StaticHybridScheduler

The StaticHybridScheduler allows a single instance of NEML2 to distribute work to many compute devices at once. The user provides a list of devices, sub-batch sizes, capacities, and (optionally) priorities. The scheduler will greedily assign work to fill up each device, using the priority if provided to determine in which order to dole out work. The work dispatcher will then run this work in parallel on all devices via the thread pool discussed above.

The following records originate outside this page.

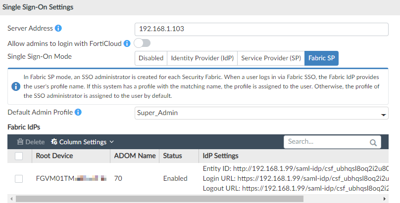 For Single Sign-On Mode, select Fabric SP and enter the address to access the FortiAnalyzer in Server Address.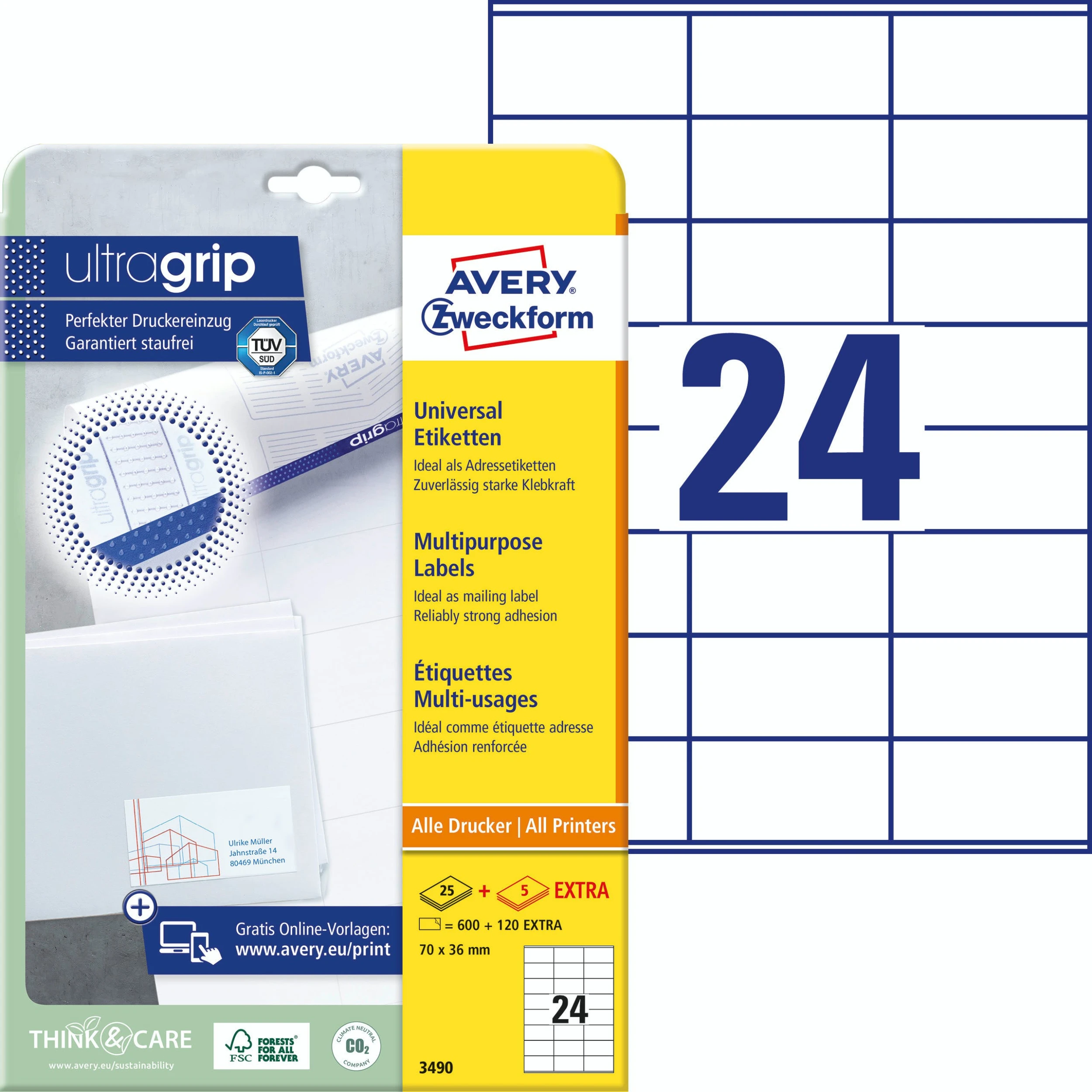 Die weißen, permanent haftenden Universal-Etiketten 3475 im Format 70 x 36 mm von AVERY ZWECKFORM eignen sich z.B. für Aktualisierungen oder für die Deutsche Post INTERNETMARKE und der Webstamp der Schweizer Post (2.400 Etiketten/Pack). Dank der innovativen ultragrip-Technologie können Sie sich auf einen ultrapräzisen Druckereinzug und absolut staufreien Druckerdurchlauf verlassen. Die QCT-Sicherheitskante verhindert Klebstoffablagerungen im Drucker. Druckerdurchlauf für Laser-Drucker getestet und bestätigt durch TÜV SÜD. Die Aufkleber kleben zuverlässig auf Papier, Karton, Glas und Kunststoffen und überzeugen mit einem klaren Druckbild ohne Verwischen. Geeignet für alle gängigen Laser- und Inkjet-Drucker. Das klimaneutrale Unternehmen Avery Zweckform verwendet schon seit 2014 ausschließlich Ökostrom/-gas. Das Obermaterial dieser chlorfrei gebleichten Etiketten wird zu 100% aus FSC®-zertifiziertem Papier aus nachhaltig bewirtschafteten Wäldern hergestellt.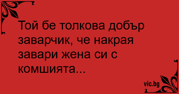 Той бе толкова добър заварчик, че накрая завари жена си с комшията...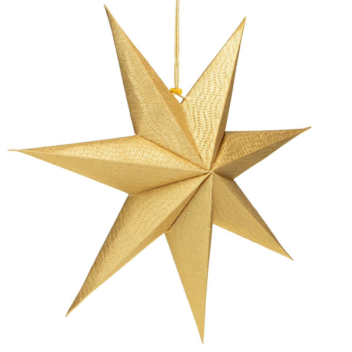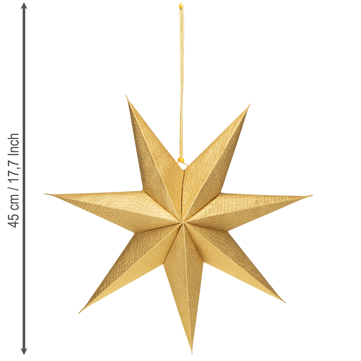 Tämä kultainen paperijoulutähti ei ole ainoastaan visuaalisesti upea, vaan myös huolellisesti suunniteltu. Reilun 45 cm:n kokonsa ansiosta se herättää huomiota pysyen samalla hillityn eleganttina. Kultainen pinnoite hohtaa kauniisti valossa ja tuo ripauksen hienostuneisuutta mihin tahansa huoneeseen. Tähtien mukana tulee käytännöllinen puuvillainen ripustin ja narupysäytin, joten ne on uskomattoman helppo ripustaa – monimutkaista kiinnitystä ei tarvita. Nämä paperitähdet sopivat käytettäväksi myös keinovalon kanssa. Kuvittele pehmeä, lämmin hehku, joka siivilöityy kultaisen paperin läpi ja valaisee herkät kuviot. Yksinkertaisesti taianomaista!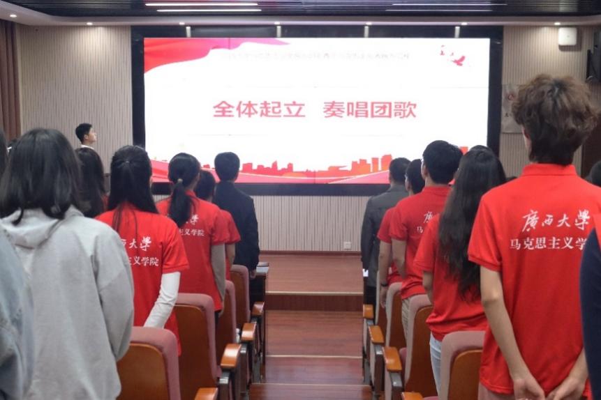 4月10日晚上,我院青年马克思主义者培养工程第四期开班仪式暨第三期结业典礼在学院101报告厅举行。学院党委书记周瑞超老师、党委副书记李海波老师、团委书记虞文茜老师、团委副书记莫凯洋老师出席仪式,学院第三期、第四期青马班全体学员参加活动,仪式由第四期青马班学员赵彦雪主持。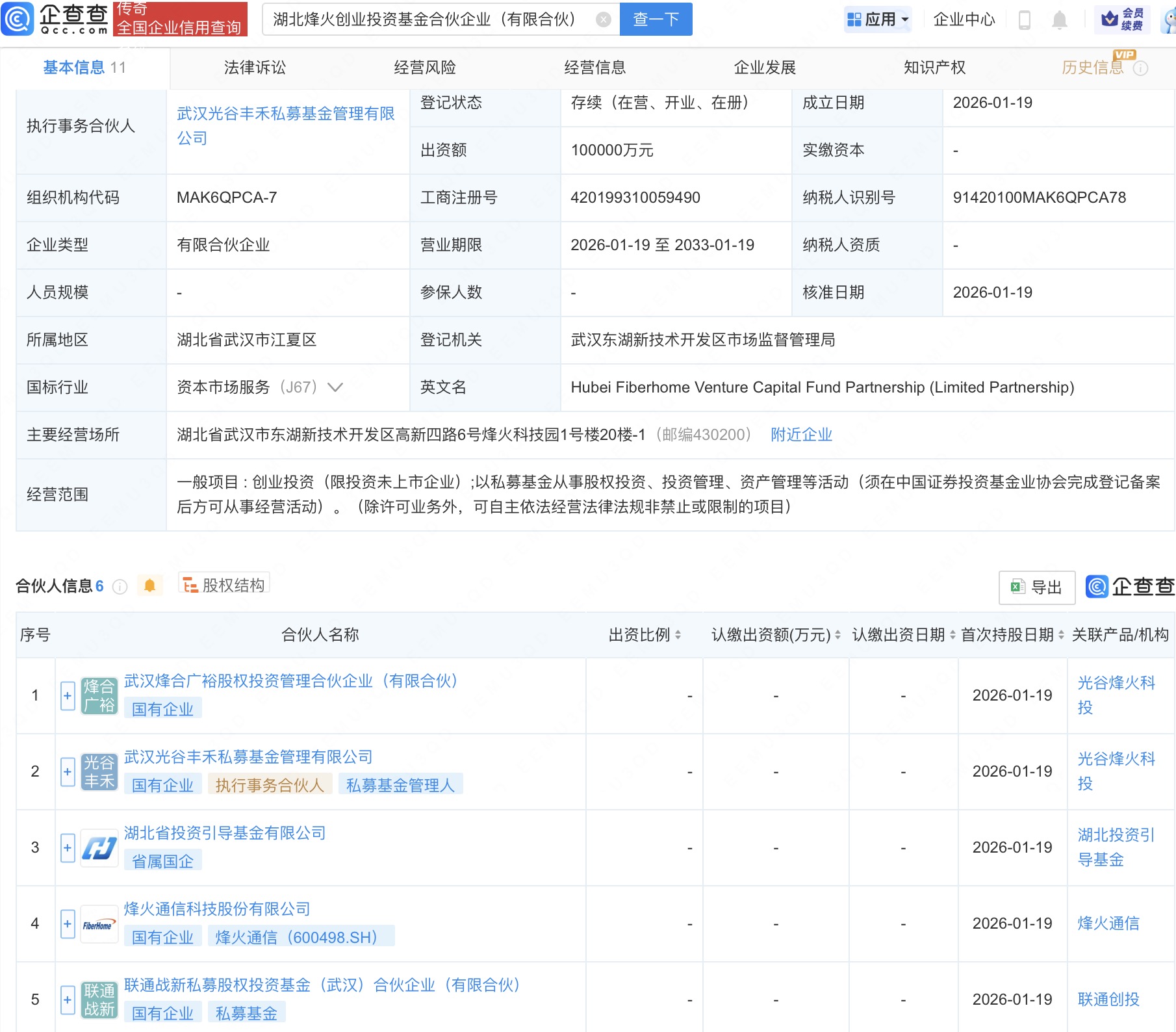 近日,湖北烽火创业投资基金合伙企业(有限合伙)成立,出资额10亿元,经营范围包含:创业投资(限投资未上市企业);以私募基金从事股权投资、投资管理、资产管理等活动。企查查股权穿透显示,该企业由烽火通信(600498)、联通战新私募股权投资基金(武汉)合伙企业(有限合伙)等共同出资。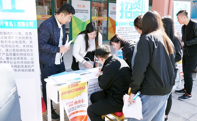 会上,青岛科硕新材料科技有限公司、青岛惠博士生物科技有限公司、青岛德通纳米科技有限公司、青岛耐克森橡胶有限公司等17家企业,纷纷拿出自己公司的宣传材料,悬挂好招聘海报,向到会的同学们热情的介绍公司。同学们走到自己感兴趣的企业摊位前浏览着招聘海报上的招聘信息,对自己心仪的工作岗位,向企业人员仔细询问有关待遇、工作时间、工作内容等方面的问题。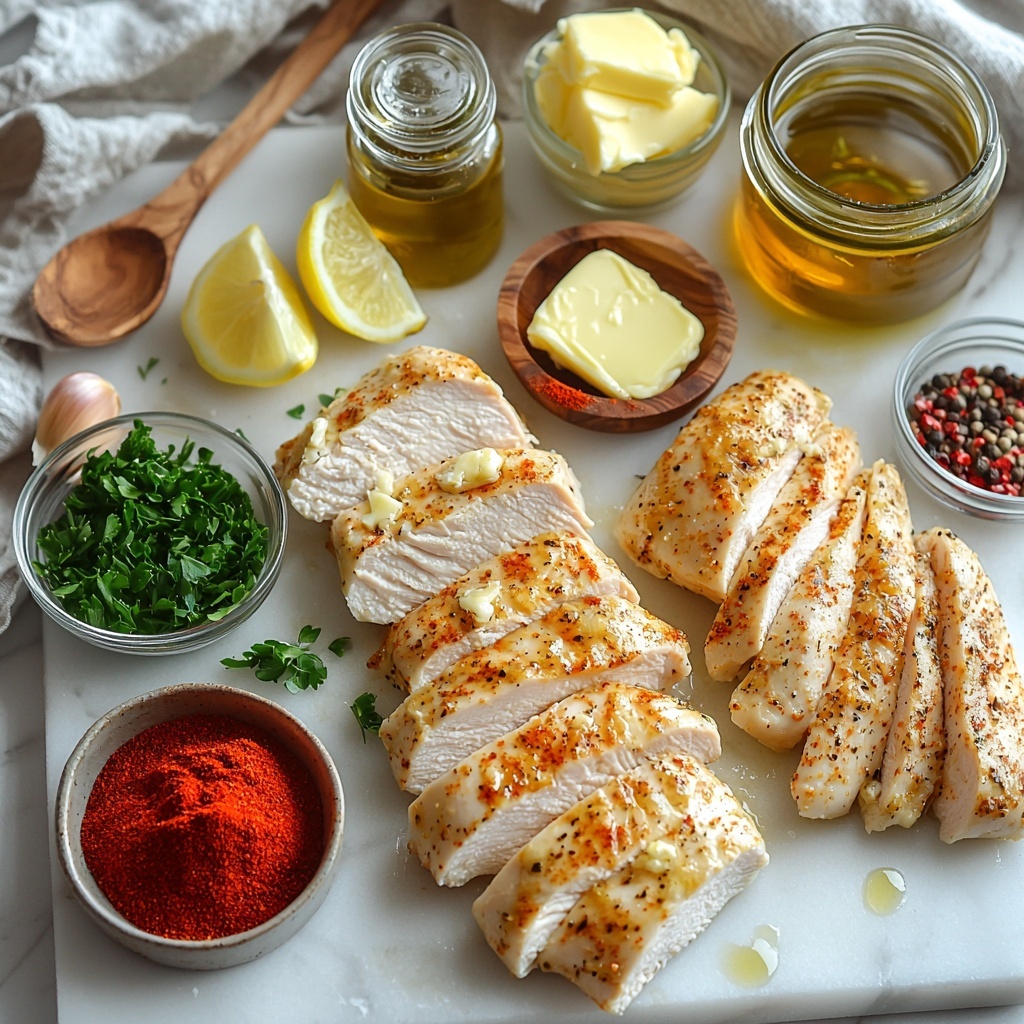 This Garlic Parmesan Chicken Bake – Crispy, Creamy Comfort Recipe uses a handful of straightforward yet powerful ingredients. Each plays a crucial role, from the lemon juice adding brightness, to the paprika lending warmth and color, ensuring the dish is as flavorful as it is visually inviting.

This scheduler currently provides the best throughput for cases where a single NEML2 instance has access to multiple devices. The device list can include the CPU itself so that the CPU thread running NEML2 can do work at the same time the accelerators are working on their sub-batches. We suggest the user determine the optimal sub-batch size for each device, for example using the SimpleScheduler, prior to running large jobs with this scheduling algorithm.

The animation below illustrates how the static hybrid scheduler sends work to multiple devices.

WorkCUDA:0CUDA:1CPU

The downside to this scheduler is that it does not handle MPI parallelism. Distributed parallel programs invoking NEML2 can only use this scheduler if each MPI rank has exclusive access to all accelerators on a compute node, i.e. running one MPI rank per physical node.